Progressive dyspnea has a broad differential that includes diseases of the heart (eg, congestive heart failure, aortic stenosis, constrictive pericarditis), lung (eg, chronic obstructive pulmonary disease, interstitial lung disease, pulmonary hypertension, pleural effusion), and blood (eg, anemia).

Night sweats suggest an inflammatory condition, but do not help prioritize infection, malignancy, or autoimmunity. Any of those conditions can be relapsing and remitting, at least in their early phases, but the return to normalcy raises the possibility of hypersensitivity pneumonitis from a periodic exposure.

The 6‐month duration makes typical bacterial and viral infections less likely and suggests indolent infections such as mycobacteria, fungi, or human immunodeficiency virus. Lymphoma or chronic leukemia could cause dyspnea through pleural or pulmonary involvement or from anemia. Autoimmune conditions such as systemic lupus erythematosus or adult Still's disease could also present with this course.

On admission, he described progressive orthopnea, lower extremity edema, and a 15‐lb weight gain. He denied chest pain or palpitations. His symptoms did not correlate with environmental or occupational exposures. He had been diagnosed with essential hypertension a few years earlier but was not taking any medications. He worked as an editor for a newspaper and had traveled throughout California. He never used tobacco and drank alcohol in moderation. He previously smoked marijuana. His father died of Alzheimer's disease, and his mother and 2 siblings were healthy.

Orthopnea, lower extremity edema, and weight gain suggest volume overload, which can result from heart failure, cirrhosis, renal failure, or nephrotic syndrome. The untreated hypertension is a principal risk factor for heart failure. Subacute bacterial endocarditis is an important consideration in a patient with suspected heart failure and night sweats. Travel through the central valley of California may have exposed him to coccidiodomycosis, which can cause chronic pulmonary and extrapulmonary infection.

Physical examination revealed a chronically ill‐appearing man in mild respiratory distress. His temperature was 37.2C, heart rate was 83 bpm, and blood pressure was 168/81 mm Hg. His oxygen saturation was 97% with a respiratory rate of 17 while breathing ambient air. Bilateral chemosis was present. He had crackles at the lung bases. There was a 2/6 systolic murmur loudest at the left lower sternal border with apical radiation. His jugular venous pressure was 2 cm above the sternal angle at 45. He had mild pitting edema of both lower extremities. His abdomen was soft and nondistended. He demonstrated full range of motion of all extremities and had no rashes. He was alert and oriented to person, place, and time. There were no cranial nerve deficits. His strength, sensation and coordination were intact, and he had a normal gait.

Chemosis (conjunctival edema) usually represents conjunctival irritation from an allergic, infectious, or toxic process. It can also be seen in cases of increased ophthalmic venous pressure such as hyperthyroid ophthalmopathy, superior vena cava syndrome, or carotid‐cavernous sinus fistula. The crackles, weight gain, borderline jugular venous distention, and edema suggest some systemic volume overload, but not enough to produce chemosis.

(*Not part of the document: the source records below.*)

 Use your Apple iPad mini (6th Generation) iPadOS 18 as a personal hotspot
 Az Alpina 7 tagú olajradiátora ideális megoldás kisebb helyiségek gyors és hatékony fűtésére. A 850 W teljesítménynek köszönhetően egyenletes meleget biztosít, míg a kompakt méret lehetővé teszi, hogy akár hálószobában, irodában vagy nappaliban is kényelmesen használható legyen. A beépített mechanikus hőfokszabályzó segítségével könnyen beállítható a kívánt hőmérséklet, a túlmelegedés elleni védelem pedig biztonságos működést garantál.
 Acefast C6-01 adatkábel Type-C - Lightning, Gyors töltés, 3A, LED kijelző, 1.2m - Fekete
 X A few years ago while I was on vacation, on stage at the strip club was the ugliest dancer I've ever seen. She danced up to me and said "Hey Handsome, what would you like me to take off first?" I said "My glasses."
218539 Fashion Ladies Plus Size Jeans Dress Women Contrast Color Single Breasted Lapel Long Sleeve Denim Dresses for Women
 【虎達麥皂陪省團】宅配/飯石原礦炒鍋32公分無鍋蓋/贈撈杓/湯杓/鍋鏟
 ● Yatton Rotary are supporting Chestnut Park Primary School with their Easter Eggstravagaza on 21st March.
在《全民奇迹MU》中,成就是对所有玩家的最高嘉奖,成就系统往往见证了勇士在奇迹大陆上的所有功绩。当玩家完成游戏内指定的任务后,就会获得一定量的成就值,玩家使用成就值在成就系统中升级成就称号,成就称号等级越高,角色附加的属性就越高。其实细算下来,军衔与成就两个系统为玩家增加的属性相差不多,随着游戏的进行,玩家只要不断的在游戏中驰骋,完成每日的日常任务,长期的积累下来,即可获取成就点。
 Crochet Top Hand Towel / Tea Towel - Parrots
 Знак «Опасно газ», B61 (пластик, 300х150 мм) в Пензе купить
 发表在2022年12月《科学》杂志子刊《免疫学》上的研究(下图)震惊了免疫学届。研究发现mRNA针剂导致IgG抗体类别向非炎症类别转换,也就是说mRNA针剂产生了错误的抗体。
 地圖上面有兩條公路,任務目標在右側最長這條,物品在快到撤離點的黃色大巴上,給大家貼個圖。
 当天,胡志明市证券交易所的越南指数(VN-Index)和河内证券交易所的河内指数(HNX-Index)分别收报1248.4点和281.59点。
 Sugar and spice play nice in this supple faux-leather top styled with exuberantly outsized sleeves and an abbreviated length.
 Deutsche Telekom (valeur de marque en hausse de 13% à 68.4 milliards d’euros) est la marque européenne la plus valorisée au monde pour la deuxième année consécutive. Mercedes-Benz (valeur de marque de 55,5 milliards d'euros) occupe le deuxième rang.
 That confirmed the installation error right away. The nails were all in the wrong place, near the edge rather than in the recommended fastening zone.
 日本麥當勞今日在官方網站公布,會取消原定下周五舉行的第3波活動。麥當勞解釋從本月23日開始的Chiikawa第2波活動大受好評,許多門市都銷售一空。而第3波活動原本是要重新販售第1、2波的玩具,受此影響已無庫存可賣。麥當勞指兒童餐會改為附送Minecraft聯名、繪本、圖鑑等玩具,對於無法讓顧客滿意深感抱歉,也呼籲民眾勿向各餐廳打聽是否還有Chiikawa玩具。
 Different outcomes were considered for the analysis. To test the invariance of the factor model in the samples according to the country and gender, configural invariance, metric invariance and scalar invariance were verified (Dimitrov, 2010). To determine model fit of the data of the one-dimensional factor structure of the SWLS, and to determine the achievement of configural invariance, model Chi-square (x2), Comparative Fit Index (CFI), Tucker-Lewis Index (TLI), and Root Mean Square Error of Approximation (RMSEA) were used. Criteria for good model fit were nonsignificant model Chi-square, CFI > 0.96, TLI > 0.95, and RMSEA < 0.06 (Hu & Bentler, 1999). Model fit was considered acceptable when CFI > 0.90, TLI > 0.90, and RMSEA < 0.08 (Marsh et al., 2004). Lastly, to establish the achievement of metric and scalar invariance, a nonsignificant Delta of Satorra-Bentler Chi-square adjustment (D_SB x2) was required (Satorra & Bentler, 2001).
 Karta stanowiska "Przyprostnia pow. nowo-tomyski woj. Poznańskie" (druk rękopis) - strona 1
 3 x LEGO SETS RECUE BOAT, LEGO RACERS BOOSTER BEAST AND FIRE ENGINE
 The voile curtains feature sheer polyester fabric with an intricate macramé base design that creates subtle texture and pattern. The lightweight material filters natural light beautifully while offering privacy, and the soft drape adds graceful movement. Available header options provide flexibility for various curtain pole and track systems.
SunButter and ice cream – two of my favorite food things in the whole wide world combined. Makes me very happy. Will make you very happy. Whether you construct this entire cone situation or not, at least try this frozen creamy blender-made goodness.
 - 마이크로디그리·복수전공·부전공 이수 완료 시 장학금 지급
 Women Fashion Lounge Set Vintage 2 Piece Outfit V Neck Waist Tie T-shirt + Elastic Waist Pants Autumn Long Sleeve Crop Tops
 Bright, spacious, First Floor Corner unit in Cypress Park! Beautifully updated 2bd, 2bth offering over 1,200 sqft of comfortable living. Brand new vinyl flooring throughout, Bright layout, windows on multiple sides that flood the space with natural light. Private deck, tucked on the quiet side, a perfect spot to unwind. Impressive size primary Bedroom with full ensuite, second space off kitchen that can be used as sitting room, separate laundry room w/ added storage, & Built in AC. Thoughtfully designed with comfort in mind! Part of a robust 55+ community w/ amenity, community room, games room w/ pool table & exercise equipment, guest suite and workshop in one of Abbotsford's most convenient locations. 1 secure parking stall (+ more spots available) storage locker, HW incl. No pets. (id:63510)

The location and timing of the murmur suggests regurgitation through the mitral or tricuspid valve, a ventricular septal defect, or hypertrophic cardiomyopathy. Tricuspid regurgitation may indicate pulmonary hypertension with right ventricular failure. Despite the absence of fever, subacute bacterial endocarditis remains a concern.

Laboratory evaluation revealed a white blood cell count of 9600/L, hemoglobin of 8.7 g/dL, and platelet count of 522,000/L. Mean corpuscular volume was 88 fL. Serum chemistries were normal; serum creatinine was 1.2 mg/dL. Serum albumin was 2.6 g/dL. A urinalysis was normal. An electrocardiogram demonstrated normal sinus rhythm and left ventricular hypertrophy (LVH). A chest x‐ray revealed interstitial edema and small bilateral pleural effusions. A transthoracic echocardiogram demonstrated normal left ventricular systolic function, an ejection fraction of 65%, mild LVH, and mild diastolic dysfunction. Mild mitral regurgitation, a mildly dilated left atrium, and a minimal pericardial effusion were also noted. A renal ultrasound revealed an atrophic left kidney without arterial flow. He was treated with diuretics for presumed heart failure related to diastolic dysfunction. His dyspnea partially improved, and he was discharged.

Heart failure with preserved ejection fraction may be contributing to his dyspnea but is unlikely to be entirely explanatory given the laboratory abnormalities. The absence of valvular vegetations on transthoracic echocardiogram lowers the probability of bacterial endocarditis. The interstitial pulmonary markings may represent pulmonary edema but alternatively could reflect interstitial lung disease, lymphangitic spread of cancer, infection (eg, Pneumocystis jiroveci), or diffuse alveolar hemorrhage.

Anemia may also be contributing to his dyspnea. There is no evidence of bleeding on history, examination, or imaging. Hemolysis is unlikely given the absence of jaundice, splenomegaly, or a known predisposing condition. The normocytic anemia may also arise from chronic inflammation. Severe anemia can cause high output heart failure, but usually the hemoglobin level is much lower and the echocardiogram would have suggestive findings. Thrombocytosis suggests inflammation, a primary myeloproliferative disorder, or severe iron deficiency (not suspected here). His hypoalbuminemia is further evidence of chronic inflammation especially in the absence of nephropathy, hepatopathy, or a protein‐losing enteropathy.

An atrophic kidney may be congenital or result from long‐standing unilateral renal ischemia, infection, or obstruction. Diminished arterial flow in a middle‐aged man with hypertension may simply reflect atherosclerotic renal artery stenosis, but mass effect within the left renal artery from thrombus, infection, or cancer cannot be ruled out.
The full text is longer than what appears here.